Duménil and Lévy also deconstruct the ways that US
corporations responded to declining manufacturing-sector
accumulation. Manufacturing revenues were responsible for
roughly half of total (before-tax) corporate profits during the
quarter-century post-war "Golden Age", but fell to
below 20% by the early 2000s.

In contrast, profits in the financial sector rose from the 10-20%
range during the 1950s-60s, to above 30% by 2000.
Financiers doubled their asset base in relation to non-financial
peers during the 1980s-90s.

What does this mean?

According to Harvey, the contradictions of capitalism
were "displaced"  instead of resolved: they were moved across time
and space, especially via hyperactive financial markets.
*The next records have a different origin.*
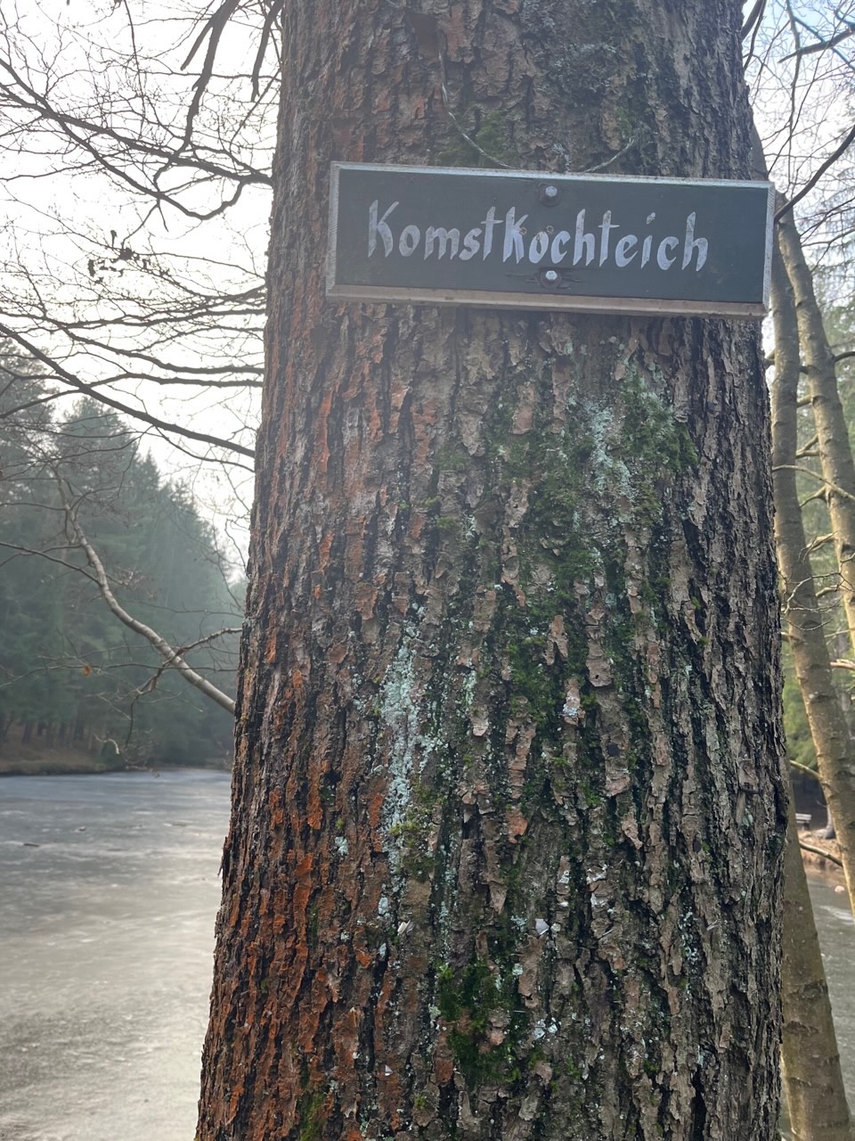 Der Komtskochteich – im Wald gelegen – gehörte der Legende zufolge einst armen Holzbauern, ein Geschenk des Landgrafen Ludwig des Eisernen von Thüringen (1128 - 1178), der sich im Walde verirrt habe und von den Bauern zu einem selbstgekochten Mittagessen – Komst – eingeladen worden sein soll.*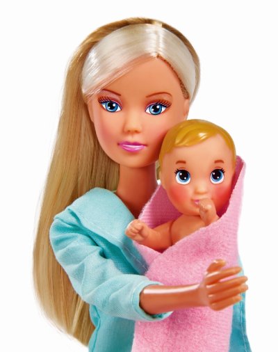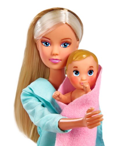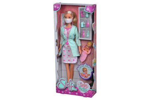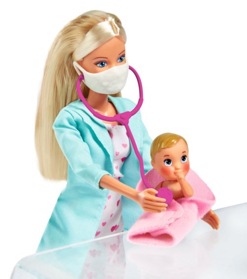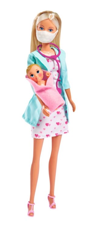 Bábika Steffi ako detská lekárka so zdravotníckou tvárovou maskou a množstvom doplnkov. Súčasťou bábätko, ktorému sa pri teplote nad 31 ° C mení sfarbenie tvárí. Veľkosť bábiky 29 cm.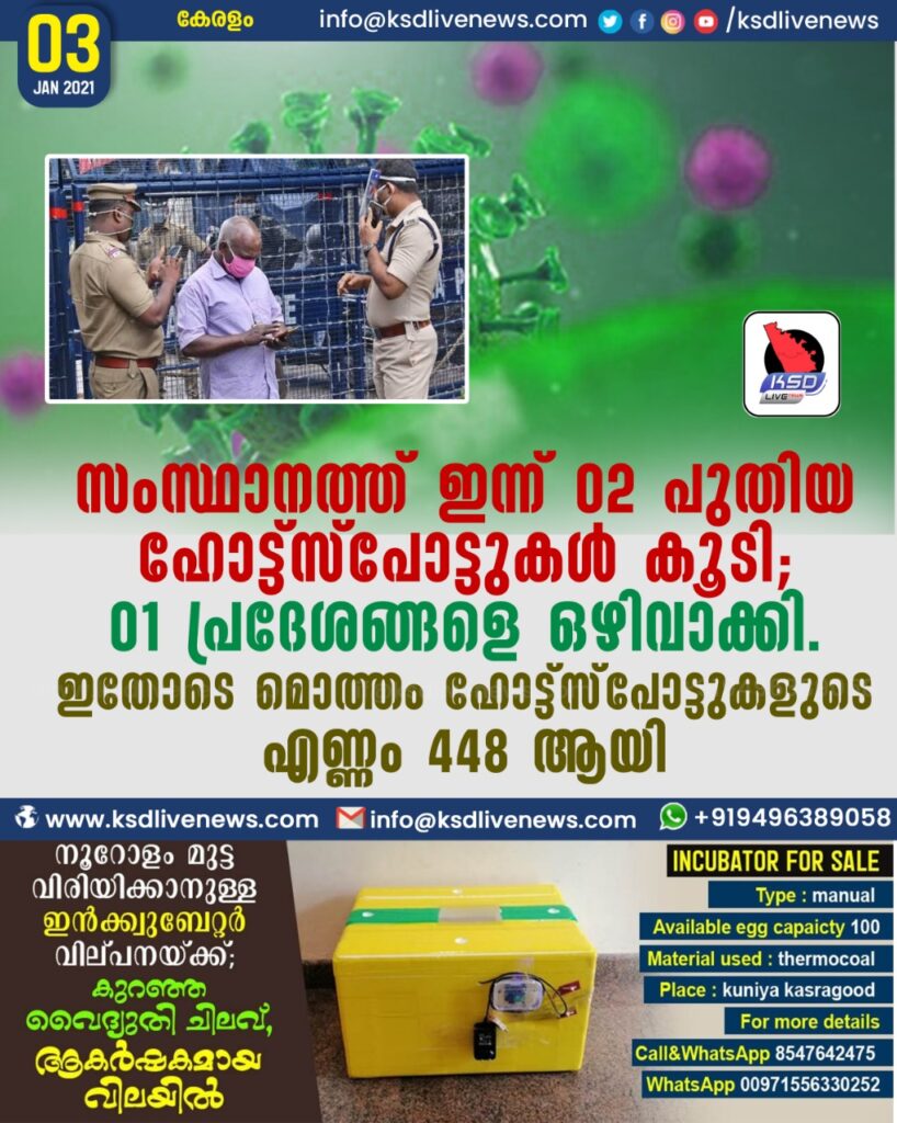സംസ്ഥാനത്ത് ഇന്ന് 02 പുതിയ ഹോട്ട്സ്പോട്ടുകള് കൂടി; 01 പ്രദേശങ്ങളെ ഒഴിവാക്കി. ഇതോടെ മൊത്തം ഹോട്ട്സ്പോട്ടുകളുടെ എണ്ണം 448 ആയി.

Time is
accounted for in the vast credit >bubble, which lets you pay now,
on the basis of debt, and hope to earn future revenues to cover your
loan repayments.

And capitalism's use of "space" - geographic crisis
displacement - is really what globalization has been about: allowing
corporations facing falling profits to seek relief in sites where raw
materials and labor are cheaper, where regulations are fewer, and
where new markets for products might emerge. Hence corporate
profits drawn from global operations rose from a range of 4 to 8%
during the 1950s-60s to above 20% by 2000.

To be sure, some of the problems faced by capitalism
have not been simply stalled and shifted around. Some vicious hits -
asset devaluations -  have occurred in different sites over the past
30 years.

These included the Third World debt crisis (early 1980s for commercial
lenders, but still going on for most of the world's states and
societies);  energy finance shocks (mid 1980s); crashes of
international stock  (1987) and property (1991-93) markets; crises
in nearly all the large emerging market countries (1995-2002); and even
huge individual bankruptcies which had powerful international ripples.

Late-1990s examples of financial-speculative gambles
gone very sour in derivatives, exotic stock market positions, currency
trading, and bad bets on commodity futures and interest rate futures
include Long-Term Capital Management ($3.5 billion)(1998),
Sumitomo/London Metal Exchange (,1.6 billion)(1996), I.G.
Metallgessellschaft ($2.2  billion)(1994), Kashima Oil ($1.57 billion)
(1994), Orange County, California ($1.5 billion)(1994),
Barings Bank (,900 million)(1995), the Belgian  government ($1
billion)(1997), and Union Bank of Switzerland ($690
million)(1998).

From 2000, subsequent US firm bankruptcies on an
even larger scales -  e.g., Enron, Anderson Accounting, World Com,
Tyco -  had more to do  with  corruption, but were also symptoms of
financial  gambling in immature markets.

Most importantly, the US stock market was the site of
an enormous "New Economy" bubble until 2000, perhaps culminating in
the Dot Com crash  which wiped $8.5 trillion of paper wealth off the books
from peak to trough  (in the US alone) - but on the other hand, seemingly
reinflating in 2003-04 thanks to the return of household investors and
mutual fund flows, and possibly rising further in future years if Bush
begins social security privatisation.

There were crashes not only in New York, but also 1/3
declines during  2002 in Finland, Germany, Greece, Ireland, Netherlands,and
Sweden, and other less severe falls in most other stock markets.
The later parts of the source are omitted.